▶ **WHAT IS NEEDED**
The records below must be output exactly, with no images carried over.

_ _ _

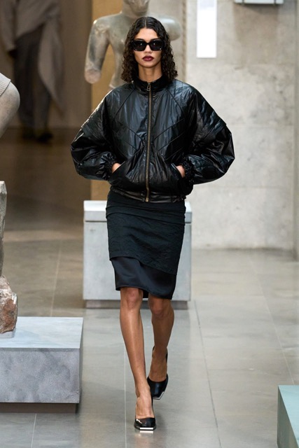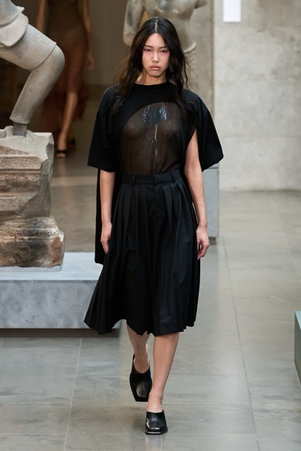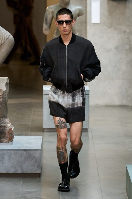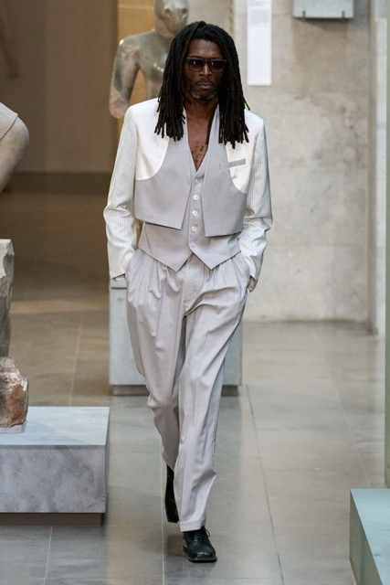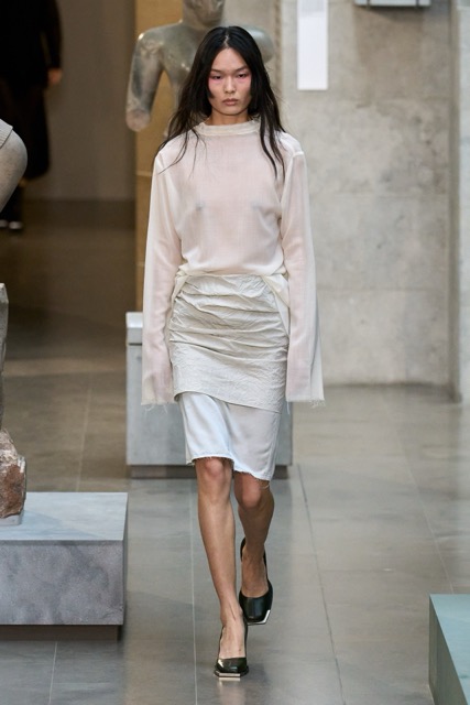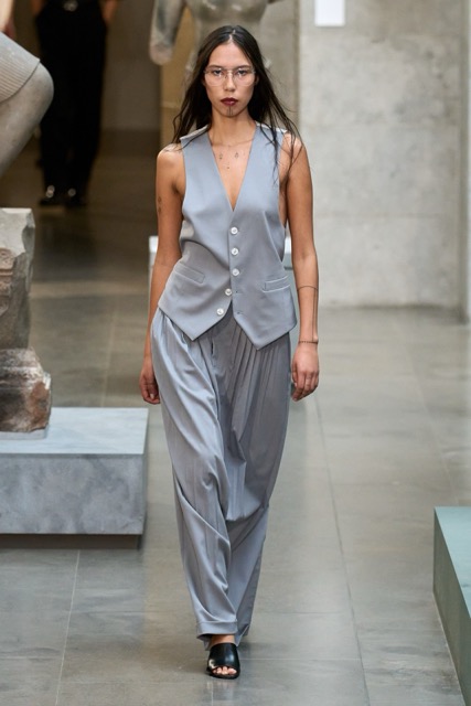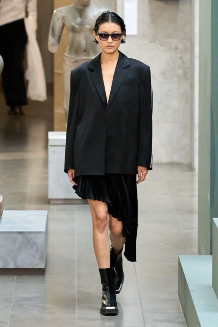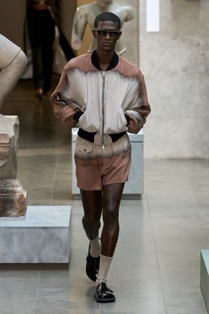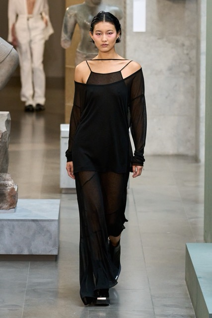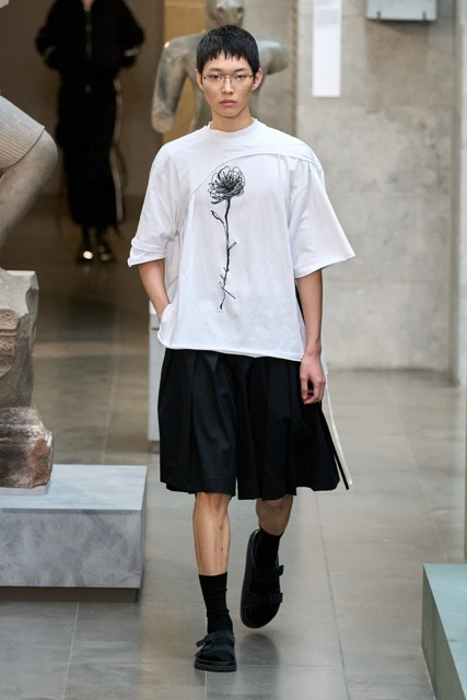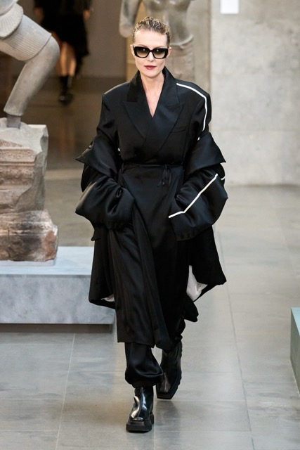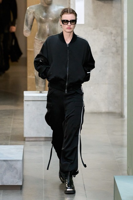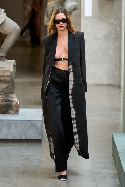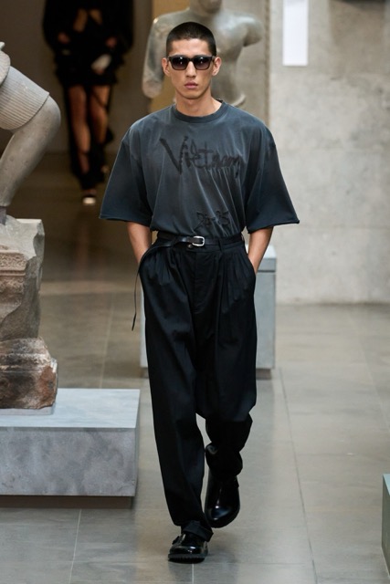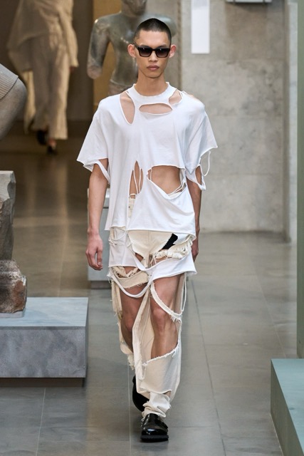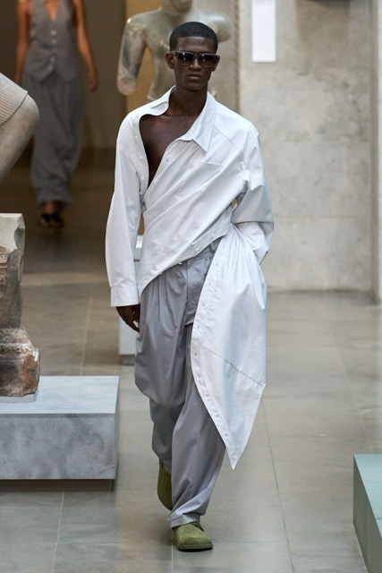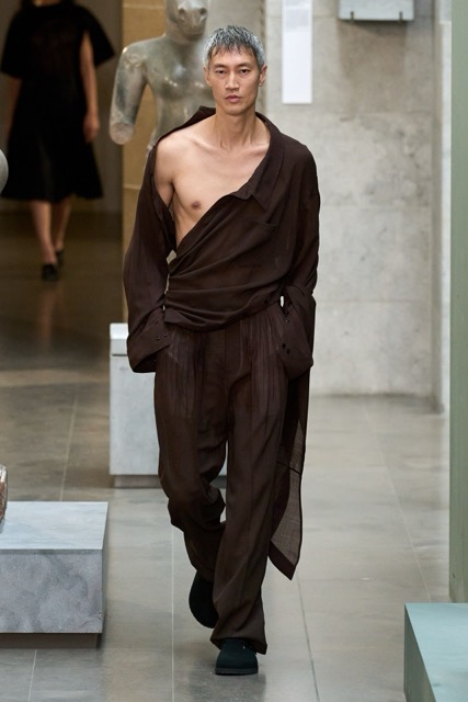 The collection was a mix of loose, deconstructed pieces and more structured tailoring. Standout looks included a dark green chiffon tunic paired with matching trousers, sporty black puffers, and shredded denim. Do also introduced a new line called “168,” featuring seasonless, gender-neutral suits that added a personal touch with his own tattoo as a design element.
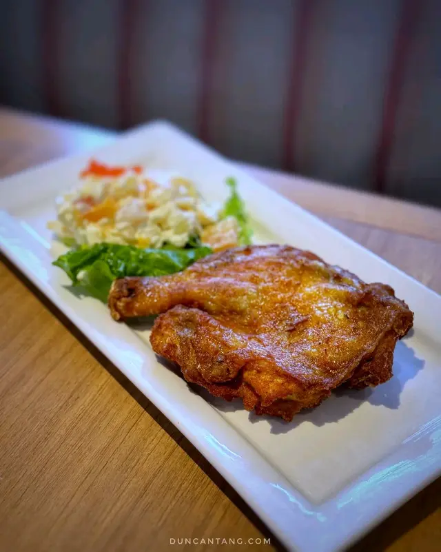 黑椒雞扒拼枝竹鮮冬菇配椰香海鮮湯和髪絲麵
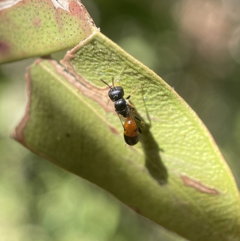 Male in flight, female on flower
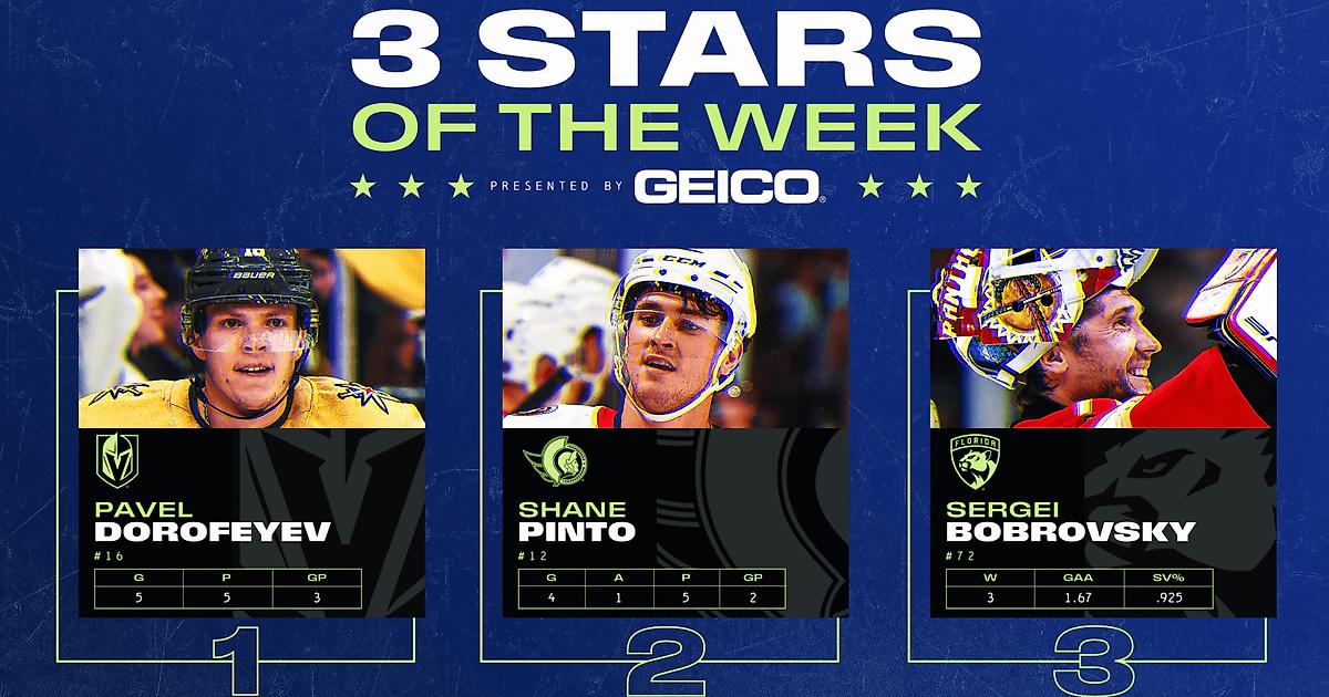 Дорофеев – 1-я звезда недели в НХЛ, у него 5 голов в 3 играх. Пинто с 4+1 в 2 матчах – 2-я, Бобровский с 3 победами – 3-я
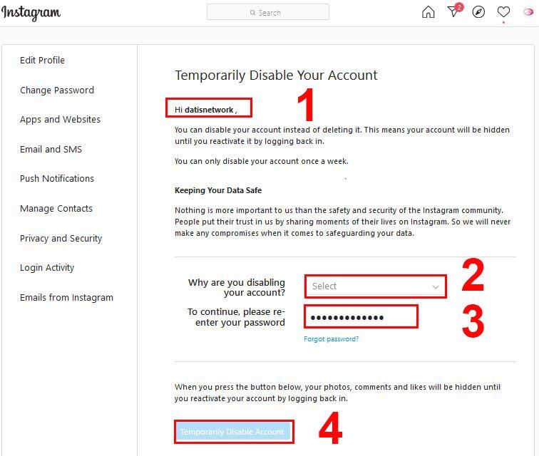 غیرفعال کردن اینستاگرام بدون از دست دادن حساب
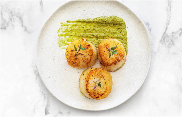 6. Serve the scallops with the pesto sauce, season with salt and pepper.
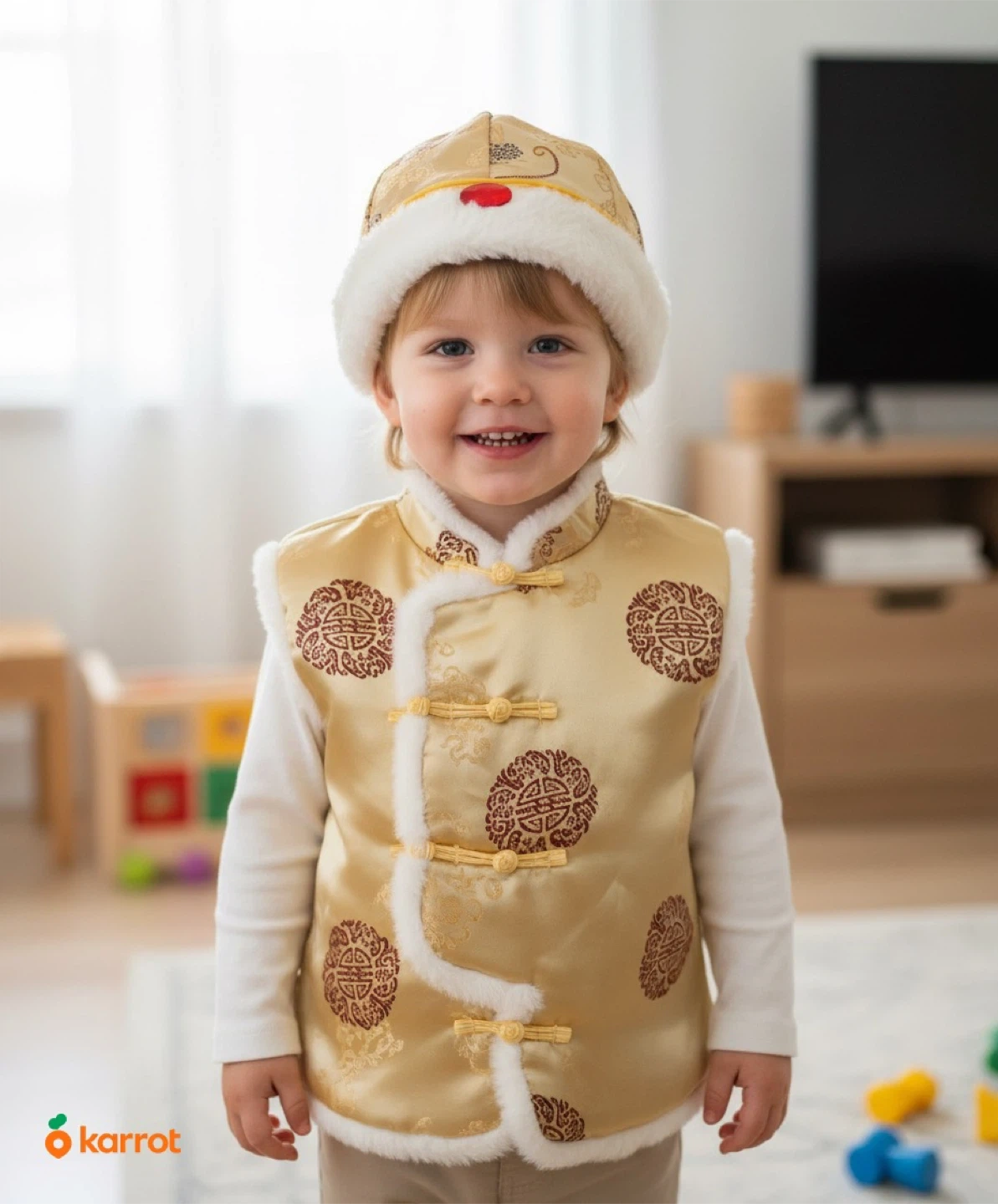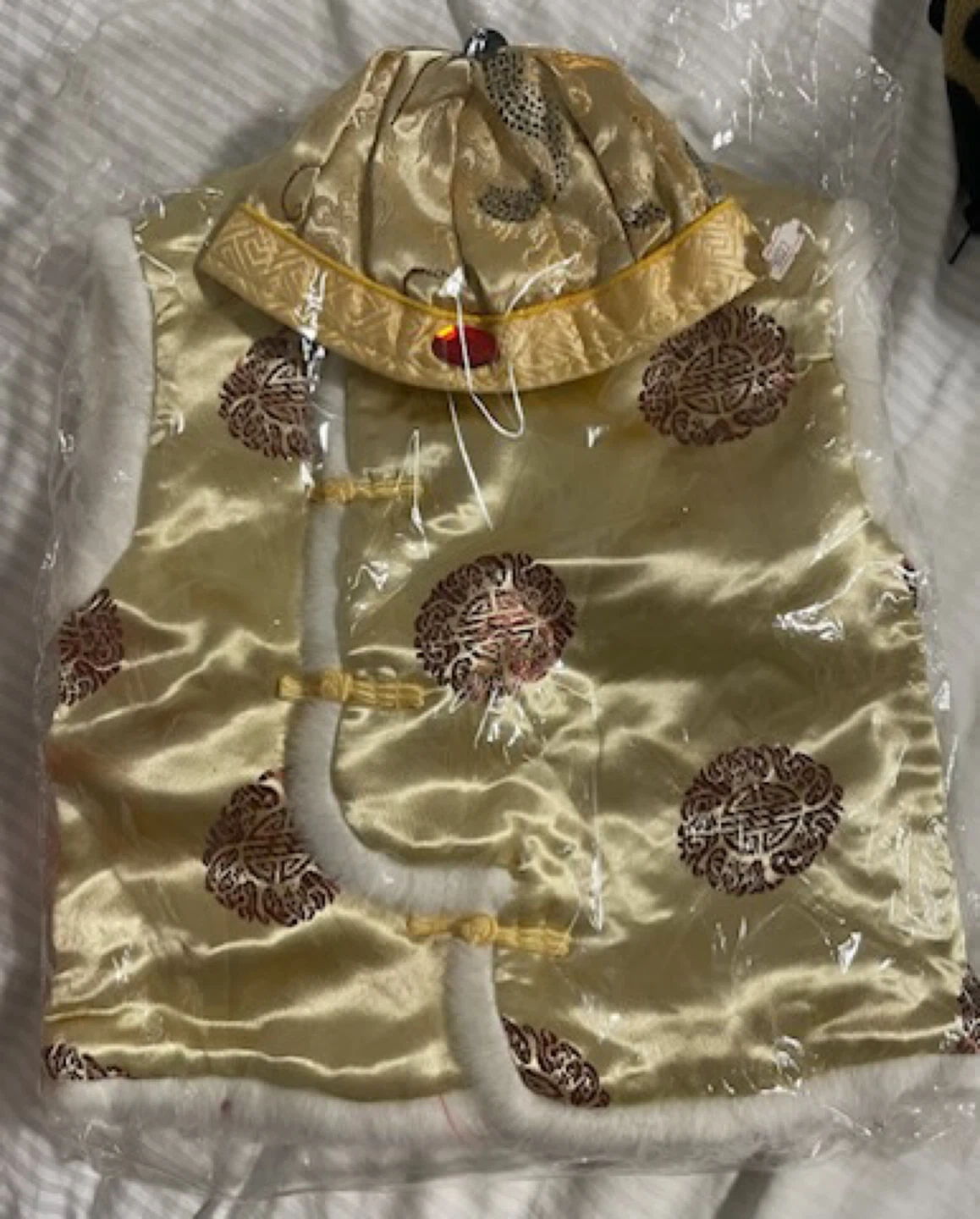 A traditional Chinese-style vest and hat set for kids. It's size XXL and features a gold satin material with white faux fur trim. The set includes a matching hat. This outfit is great for cultural events or dress-up play!
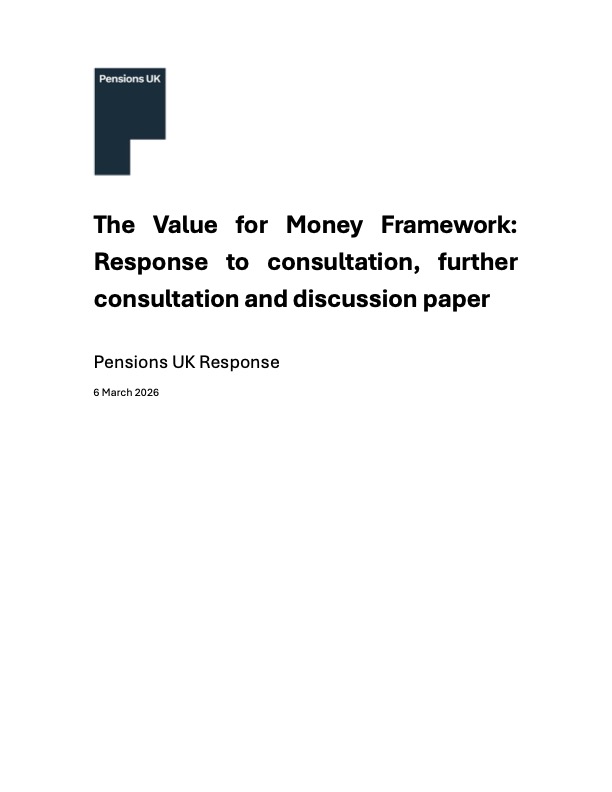 Pensions UK has submitted a response to the joint FCA, TPR, and DWP consultation on the Value for Money Framework. The Framework represents a significant shift in how pension arrangements are assessed, rated, and compared. In our response, we broadly support the direction of the proposals - including the RAGG rating system and forward-looking metrics - while calling for a light-touch first year of assessments, additional dry runs, and careful management of the consequences associated with Amber ratings.
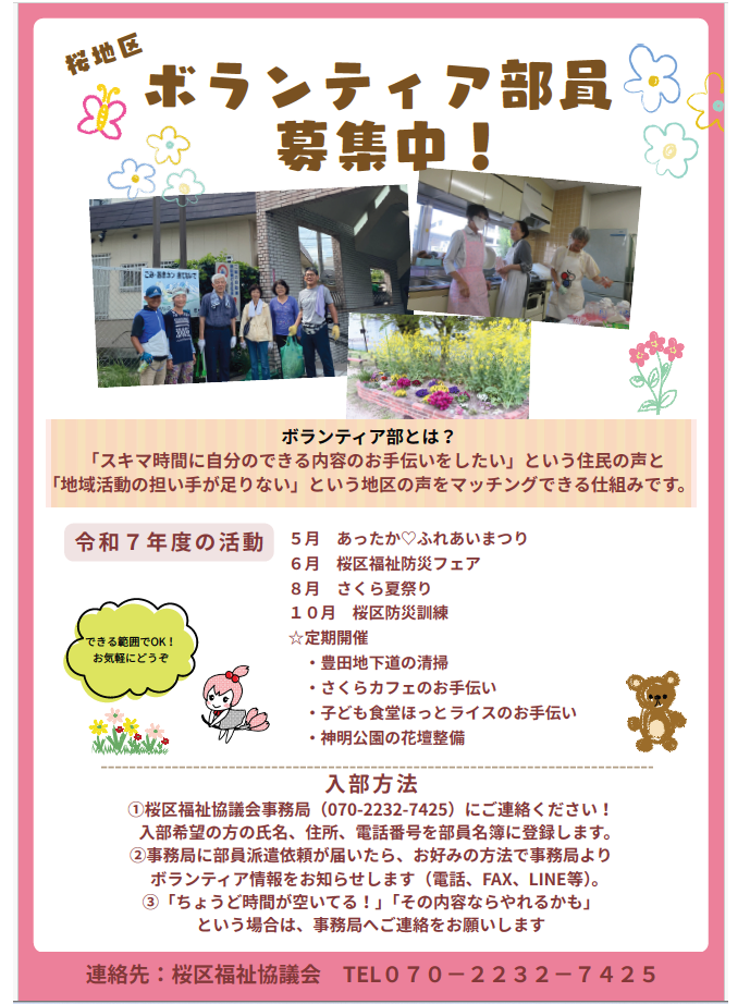 - 桜地区ボランティア部員募集桜地区ボランティア部員募集のチラシを掲載しました。住民の皆様、応募をお願い致します。

_ _ _

▶ **OUTPUT**
 The collection was a mix of loose, deconstructed pieces and more structured tailoring. Standout looks included a dark green chiffon tunic paired with matching trousers, sporty black puffers, and shredded denim. Do also introduced a new line called “168,” featuring seasonless, gender-neutral suits that added a personal touch with his own tattoo as a design element.
 黑椒雞扒拼枝竹鮮冬菇配椰香海鮮湯和髪絲麵
 Male in flight, female on flower
 Дорофеев – 1-я звезда недели в НХЛ, у него 5 голов в 3 играх. Пинто с 4+1 в 2 матчах – 2-я, Бобровский с 3 победами – 3-я
 غیرفعال کردن اینستاگرام بدون از دست دادن حساب
 6. Serve the scallops with the pesto sauce, season with salt and pepper.
 A traditional Chinese-style vest and hat set for kids. It's size XXL and features a gold satin material with white faux fur trim. The set includes a matching hat. This outfit is great for cultural events or dress-up play!
 Pensions UK has submitted a response to the joint FCA, TPR, and DWP consultation on the Value for Money Framework. The Framework represents a significant shift in how pension arrangements are assessed, rated, and compared. In our response, we broadly support the direction of the proposals - including the RAGG rating system and forward-looking metrics - while calling for a light-touch first year of assessments, additional dry runs, and careful management of the consequences associated with Amber ratings.
 - 桜地区ボランティア部員募集桜地区ボランティア部員募集のチラシを掲載しました。住民の皆様、応募をお願い致します。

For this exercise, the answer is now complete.